The semi-rigid solar wing cell array has the advantages of resisting atomic oxygen, plasma, temperature alternation and the like in a low-orbit space environment, is applied to Tiangong I, and compared with a honeycomb sandwich structure type rigid substrate, the semi-rigid substrate is made into a grid panel by using a glass fiber woven mesh, applies a certain pretightening force through a tool, and is glued and bound on a frame formed by winding and die pressing a carbon fiber composite material. However, the semi-rigid substrate is usually large in structural size, large in corresponding carbon fiber frame size and large in fiber grid flexibility, and certain difficulty is brought to the glue joint assembly of the semi-rigid substrate and the carbon fiber frame. Aiming at the problems that when the existing semi-rigid substrate frame is bonded with a grid, the frame is positioned by adopting an independent auxiliary support frame, and the adjusting blocks are placed at the periphery of the grid frame to control the tension of the grid through self-weight pressurization, the existing process method is adopted, experienced operators are often required to spend a large amount of time to perform multiple times of adjustment, and meanwhile, multiple persons are required to complete the adjustment in a coordinated mode, so that the manpower is wasted.

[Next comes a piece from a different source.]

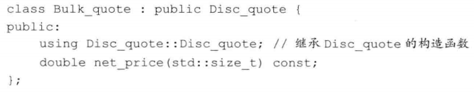举个例子,我们可以重新定义Bulk_quote类(参见15.4节,第541页),令其继承Disc_quote类的构造函数:

Found through prior art retrieval, chinese utility model patent publication number is CN214137390U, discloses a splice assembly fixture of guyed semi-rigid base plate frame, includes: the main beam symmetrical restraining fixture comprises a fixture body, a main beam symmetrical restraining fixture, a main beam frame symmetrical restraining fixture, a compression point joint symmetrical restraining fixture, a hinge joint symmetrical restraining fixture and an outer frame symmetrical restraining fixture; the frock body is a rectangle structure, includes: side I, side II, side III and side IV; the main beam symmetrical constraint tool, the main beam frame symmetrical constraint tool, the compression point joint symmetrical constraint tool, the hinge joint symmetrical constraint tool and the outer frame symmetrical constraint tool are all multiple and are symmetrically arranged in the rectangular structure and on two long edges and two short edges of the rectangular structure. This patent technique just has above-mentioned relevant problem, and this utility model frock is only to the assembly of splicing of base plate frame.

Disclosure of Invention

In view of the deficiencies in the prior art, it is an object of the present invention to provide a positioning device for the bonding of a semi-rigid substrate frame to a grid.

The invention provides a positioning device for semi-rigid substrate frame and grid gluing, which comprises a rack, a synchronous lifting mechanism and a frame positioning mechanism, wherein the rack is provided with a plurality of positioning holes;

the synchronous lifting mechanism comprises a positioning frame, a mounting seat and a stud, the stud is rotatably arranged on the rack, the positioning frame is longitudinally movably arranged by the rotation of the stud, the mounting seat is arranged at the upper end part of the stud and is statically arranged relative to the rotation of the stud, and a fiber grid is arranged on the mounting seat;

the frame positioning mechanism is arranged between the positioning frames and comprises longitudinal slide rails, transverse slide rails and a flange plate, the flange plate is rotatably arranged relative to the positioning frames, the transverse slide rails are arranged on the flange plate, the longitudinal slide rails are transversely arranged on the transverse slide rails in a sliding manner, and carbon fiber frames are arranged on the longitudinal slide rails;

the carbon fiber frame rotates through the rotation of the frame positioning mechanism to be positioned with the fiber grids, and the carbon fiber frame is lifted through the synchronous lifting mechanism to be fixed with the fiber grids.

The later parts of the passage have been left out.